Monday 30 November 2009

Life isn't fair. Is it?


I don't want to rot here like and apple.
Photography by Yours Truly.
Taken while I revised... Haha. Bring back those days.


Hello people! How's your holidays going? Mine? As usual. I don't know what to say. Well it's my second day officially "alone" in my hometown (cause my sis and her friends and my bro have returned to Singapore/Jakarta). And my first day... Was GREAT! Yeah right. It was okay I suppose, so so and normal. But it's not fantastic. And I want my day to be fantastic.

Today was alright, as usual I followed my dad to the factory, the clinic and now the pharmacy. It's kind of a routine. I hope, hopefully, I could break this routine. I wanna do something else, something I want and I love doing. Not something that I "have" to do. Oh well, I was pondering to myself today in the factory.

You know I love to talk to myself (inside my heart of course) and yup, today I had a deep conversation with myself. I was pondering about how and why... But never mind, long story. I don't bother telling it here. I just want to ask why can't I have a perfect holiday like how people have their holidays. It's just... This is not a holiday you know? I doubt it is.

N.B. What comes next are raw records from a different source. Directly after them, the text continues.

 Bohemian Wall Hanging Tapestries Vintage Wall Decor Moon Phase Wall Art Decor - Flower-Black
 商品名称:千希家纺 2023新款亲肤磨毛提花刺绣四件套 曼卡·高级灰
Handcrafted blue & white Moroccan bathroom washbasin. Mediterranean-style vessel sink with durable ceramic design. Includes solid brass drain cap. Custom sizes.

I need a holiday, like after four years of hard work, blood, sweat and toil. This is what I get? This? This is not what I want and yet I get it. Well it's only the first day. So I really really hope that the days would get better and better. Really! Better and better.

Well I guess that's all for today, as I said I did nothing much. And it's really sad that I couldn't do nothing much. Well it's life I guess, nothing is fair and life will never be fair. Hopefully, it will, one day.

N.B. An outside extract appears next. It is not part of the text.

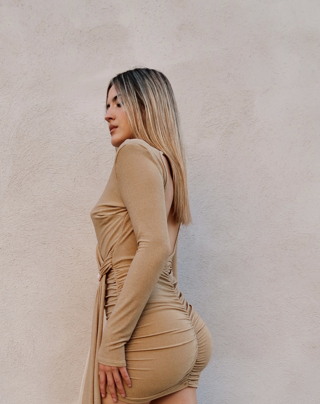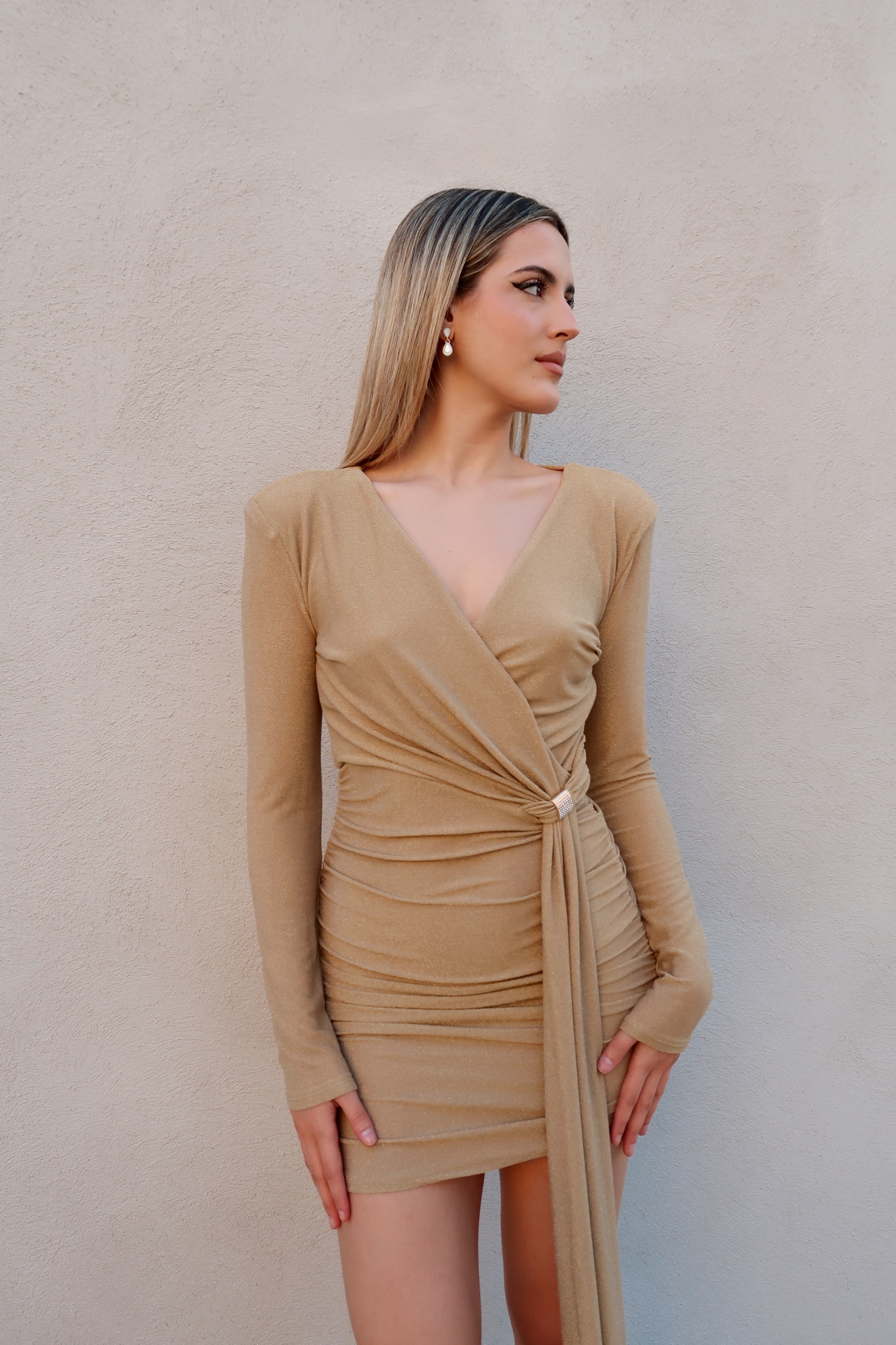 Atrévete a brillar como nunca con este espectacular vestido. Con manga larga y un escote cruzado que favorece a todo tipo de pecho.

Now, my one and only ultimate wish is to get more freedom. And I wish and hope and pray that my days here would get better and better. And one more thing, I hope I can get a vacation. Oh God, please hear my prayers, and let it come true!

Everyone wants freedom. So do I.

Saturday 28 November 2009

Home, is where the heart is?


This is a picture of Pelabuhan Ratu.
Photography by Yours Truly.
Taken somewhere somewhen last year


Hello people! Yay finally able to blog again. It's been such a long time since I touched this blog... Anyway here I am again. Blogging. First thing first, I'm back at Indo now! Yup, I went back for my holidays and gonna return back to Singapore at around January. For the D-Day. Scary right.

Anyho, since I'm back, I'm going to talk about the things that had happened so far. Well the flight was alright I think, was my first time taking a budget airline... Hmm what can you expect yeah? You know? No food, except for a piece of chocolate muffin and a cup of H2O.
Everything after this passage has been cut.